• Supplied data:
"""

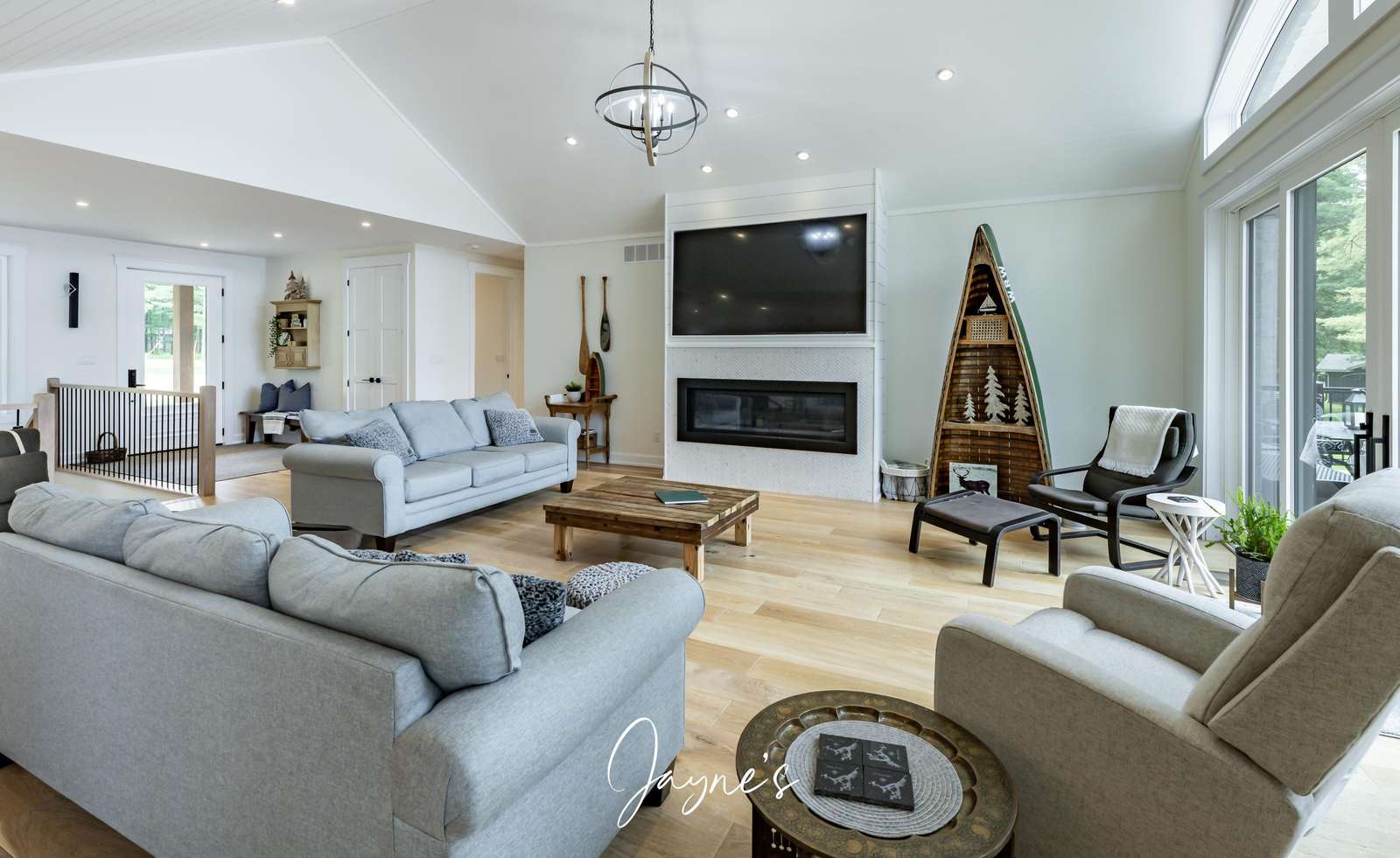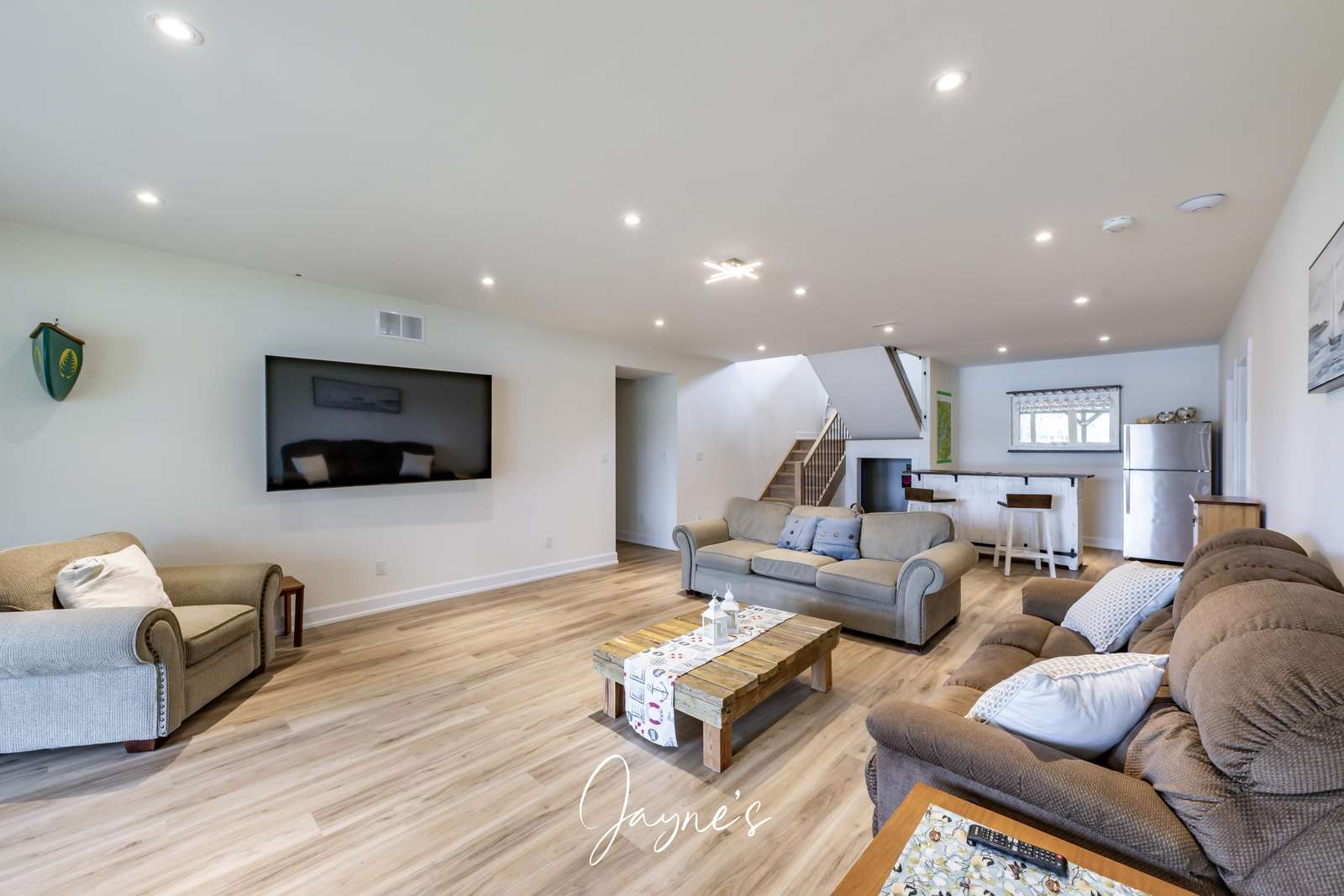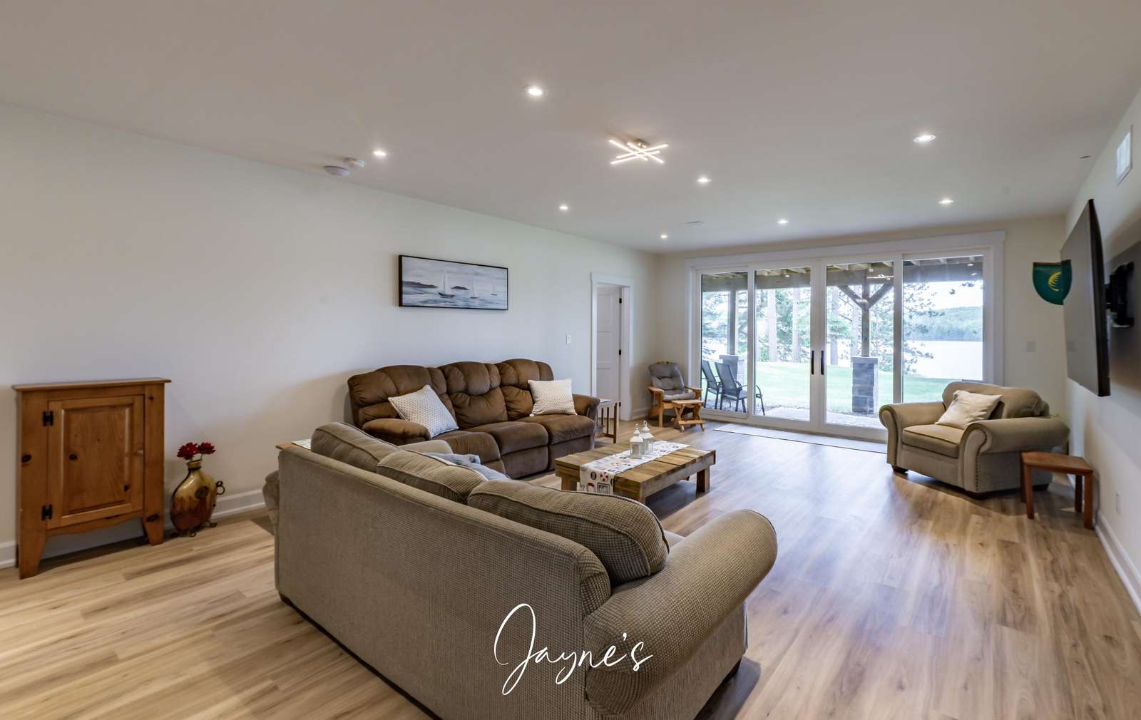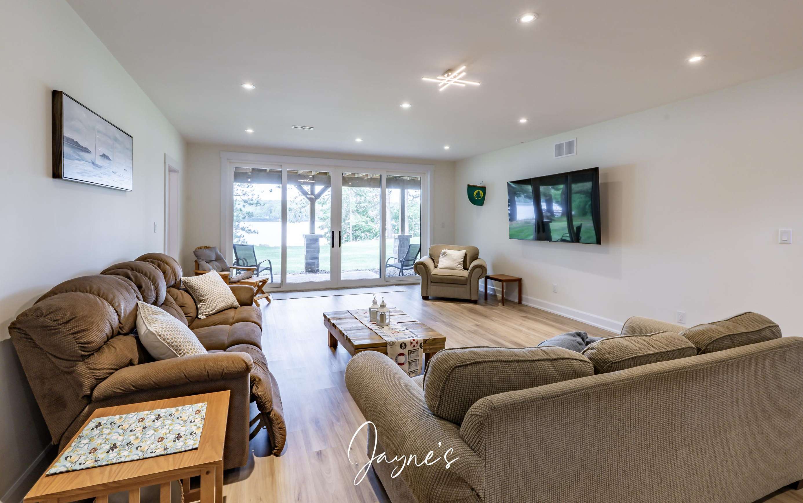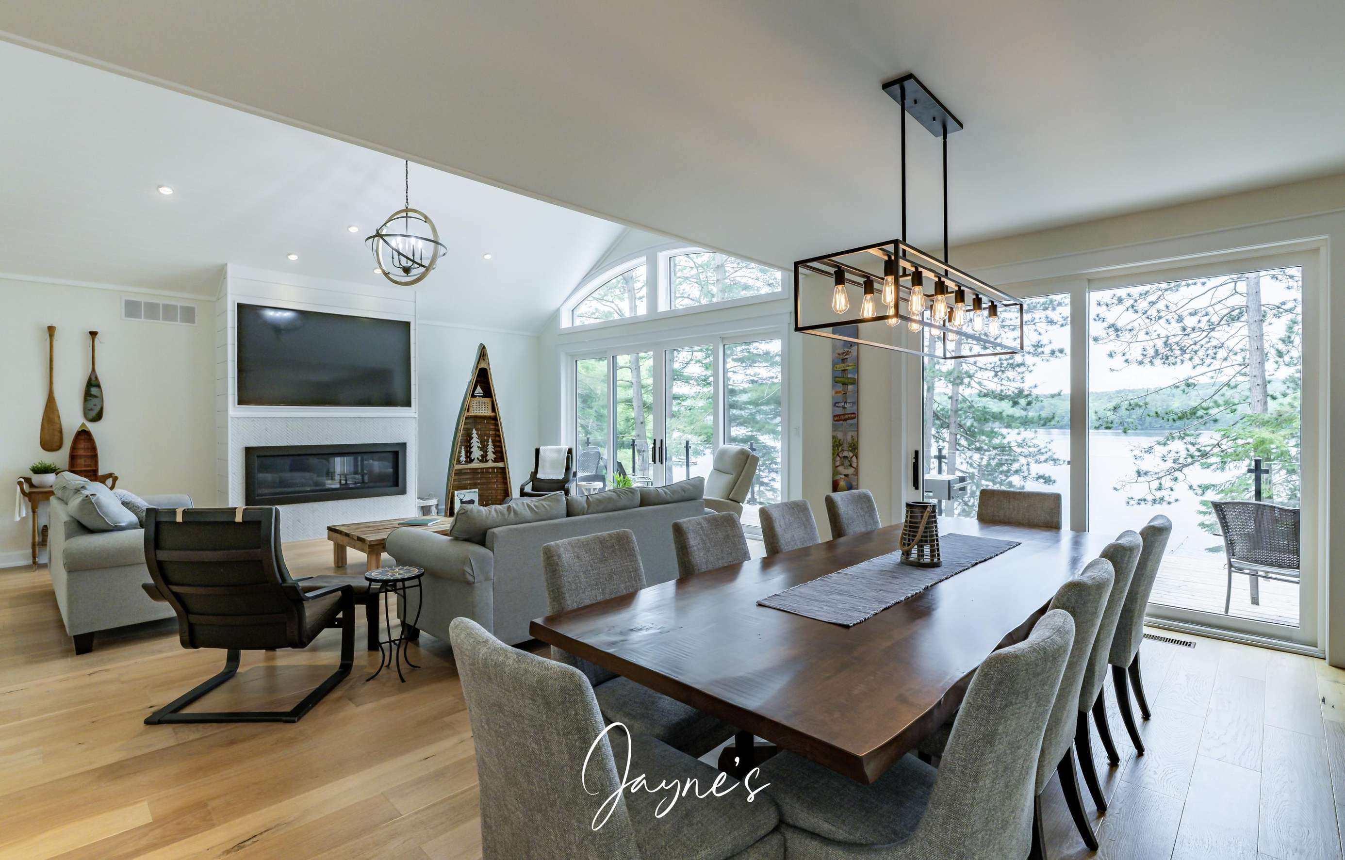FOX POINT ESTATE - This beautifully designed cottage offers ample entertainment space, featuring a spacious great room with a large TV and access to a deck, as well as an open-concept dining and kitchen area that provides comfortable seating. The Muskoka room, equipped with a large sectional, invites you to enjoy the breeze and includes another walkout. Plenty of outdoor seating is available on the back deck for you to enjoy the peaceful view of the lake and occasional family of deer that walk by. Napoleon BBQ available for summer grilling. The flat land is perfect for outdoor activities, including a volleyball court, while steps away is the dock for boating adventures on Lake of Bays or serene sunset views. Evenings can be spent by the firepit, creating a perfect setting for stargazing and relaxation.
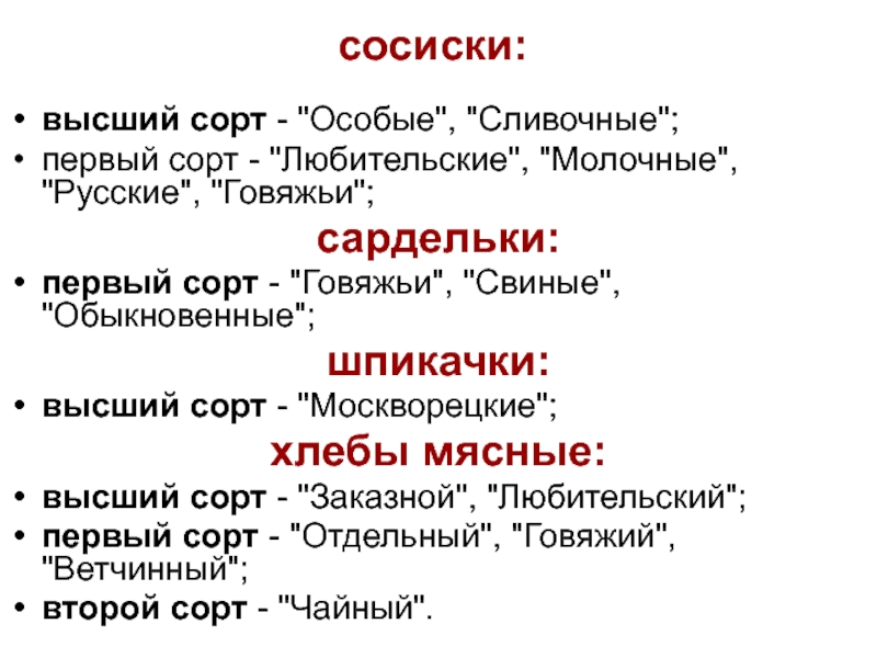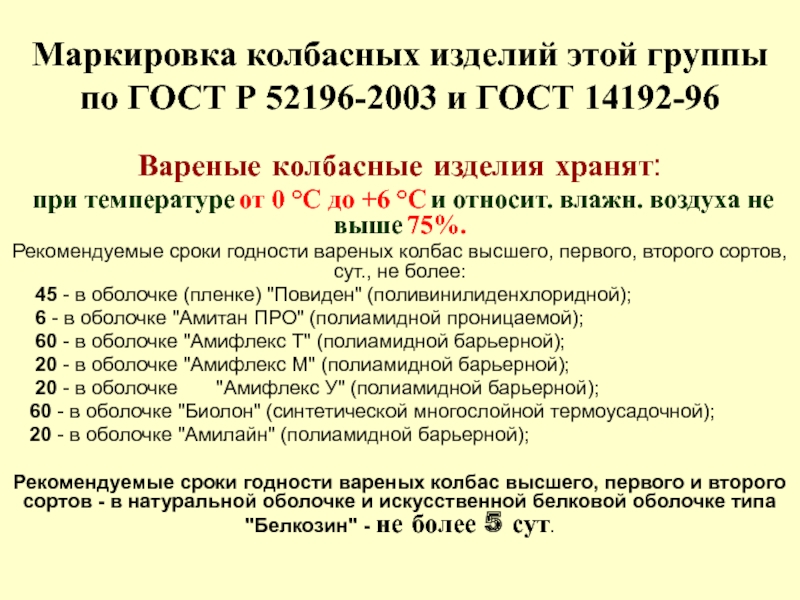 Рекомендуемые сроки годности вареных колбас высшего, первого, второго сортов, сут., не более:
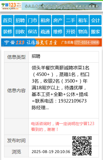 领头羊餐饮高薪诚聘凉菜1名(4500+),蒸箱1名,档口3名,收银2名(3500+)年满18周岁以上,待遇优厚,基本工资+全勤+公休+提成=联系电话:19322109673陈经理 【电话咨询时,请一定说明在宁晋123看到的,谢谢!】 |
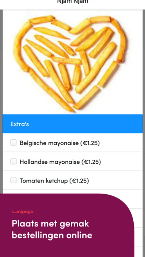 Probeer nu onze nieuwe app en ontdek hoe makkelijk en snel je je favoriete afhaalmaaltijden kan bestellen! Je kan al direct betalen en de vooruitgang volgen van je bestelling. Zo weet je precies wanneer je maaltijd klaar is om afgehaald te worden. Bon appétit!

"""

• Work required:
Could each line of the data be written out exactly, with no pictures included?

• Reply:
FOX POINT ESTATE - This beautifully designed cottage offers ample entertainment space, featuring a spacious great room with a large TV and access to a deck, as well as an open-concept dining and kitchen area that provides comfortable seating. The Muskoka room, equipped with a large sectional, invites you to enjoy the breeze and includes another walkout. Plenty of outdoor seating is available on the back deck for you to enjoy the peaceful view of the lake and occasional family of deer that walk by. Napoleon BBQ available for summer grilling. The flat land is perfect for outdoor activities, including a volleyball court, while steps away is the dock for boating adventures on Lake of Bays or serene sunset views. Evenings can be spent by the firepit, creating a perfect setting for stargazing and relaxation.
 Рекомендуемые сроки годности вареных колбас высшего, первого, второго сортов, сут., не более:
 领头羊餐饮高薪诚聘凉菜1名(4500+),蒸箱1名,档口3名,收银2名(3500+)年满18周岁以上,待遇优厚,基本工资+全勤+公休+提成=联系电话:19322109673陈经理 【电话咨询时,请一定说明在宁晋123看到的,谢谢!】 |
 Probeer nu onze nieuwe app en ontdek hoe makkelijk en snel je je favoriete afhaalmaaltijden kan bestellen! Je kan al direct betalen en de vooruitgang volgen van je bestelling. Zo weet je precies wanneer je maaltijd klaar is om afgehaald te worden. Bon appétit!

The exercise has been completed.